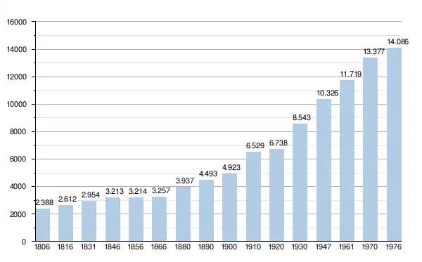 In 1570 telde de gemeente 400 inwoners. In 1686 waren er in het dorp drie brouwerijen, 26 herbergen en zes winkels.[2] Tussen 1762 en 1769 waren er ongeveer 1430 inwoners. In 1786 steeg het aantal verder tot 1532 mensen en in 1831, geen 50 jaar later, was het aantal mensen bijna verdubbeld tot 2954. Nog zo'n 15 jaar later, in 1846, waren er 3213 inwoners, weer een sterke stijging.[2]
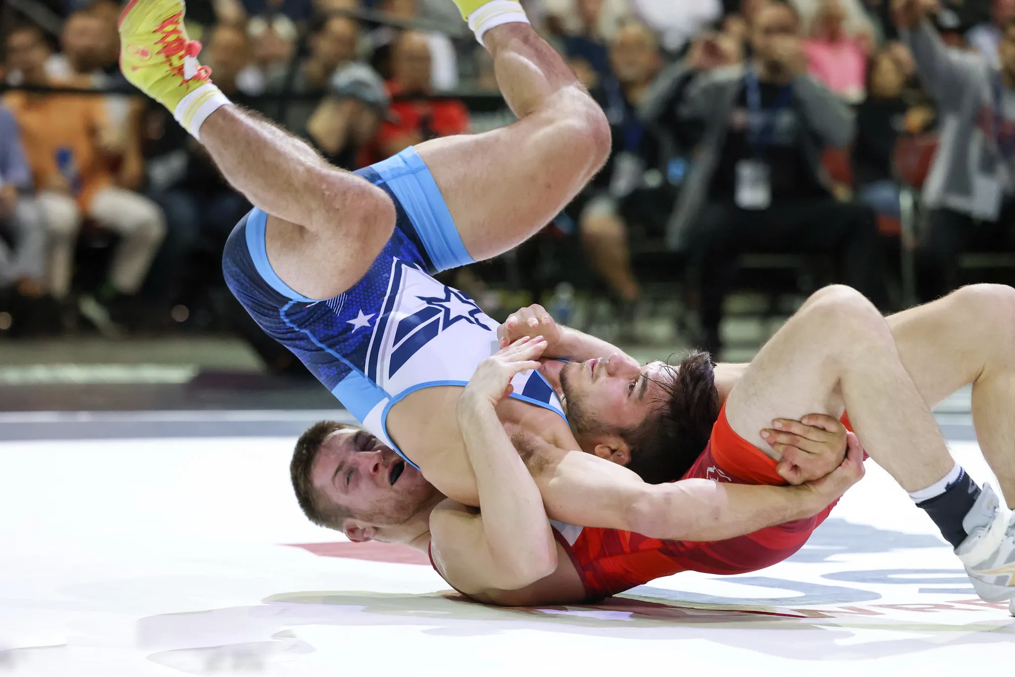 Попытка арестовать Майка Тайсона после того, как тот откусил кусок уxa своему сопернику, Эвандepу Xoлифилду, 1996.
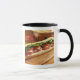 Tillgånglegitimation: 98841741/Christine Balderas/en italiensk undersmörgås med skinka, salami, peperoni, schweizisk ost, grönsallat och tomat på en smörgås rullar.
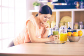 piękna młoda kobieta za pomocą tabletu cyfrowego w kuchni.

-=-=-=-=-

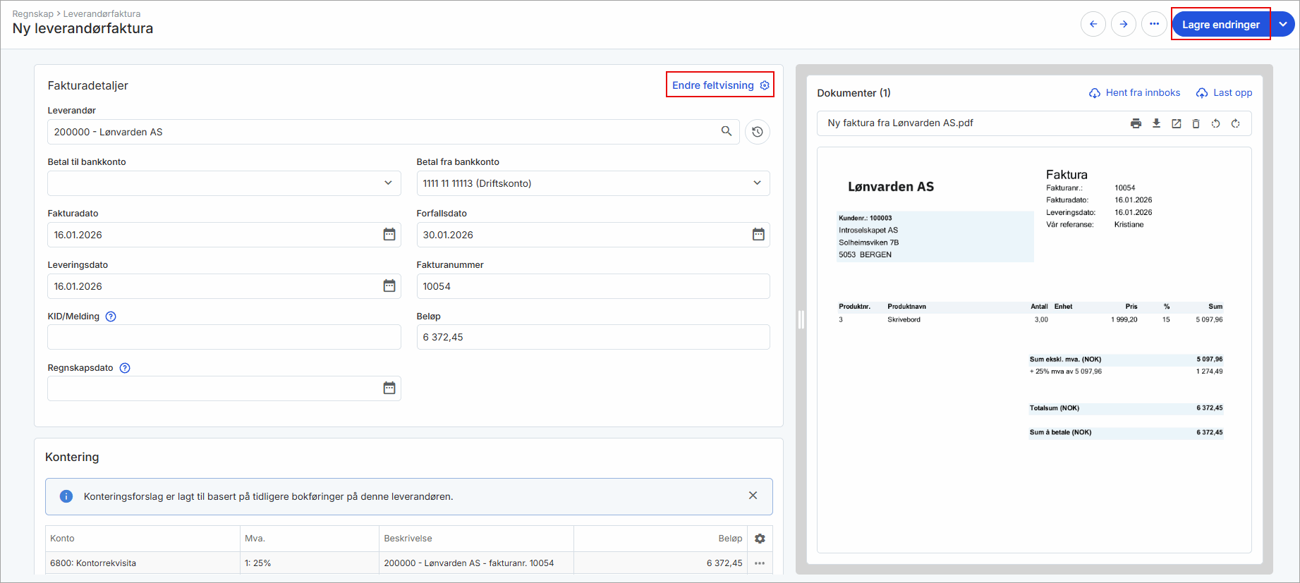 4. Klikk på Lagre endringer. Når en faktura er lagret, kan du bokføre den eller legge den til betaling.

-=-=-=-=-

From the records above, copy exactly the stretch from the line holding "Tillgånglegitimation: 98841741/Christine Balderas/en" through the line holding "piękna młoda kobieta", both ends included, without the pictures.

- _YOUR RESPONSE_:
 Tillgånglegitimation: 98841741/Christine Balderas/en italiensk undersmörgås med skinka, salami, peperoni, schweizisk ost, grönsallat och tomat på en smörgås rullar.
 piękna młoda kobieta za pomocą tabletu cyfrowego w kuchni.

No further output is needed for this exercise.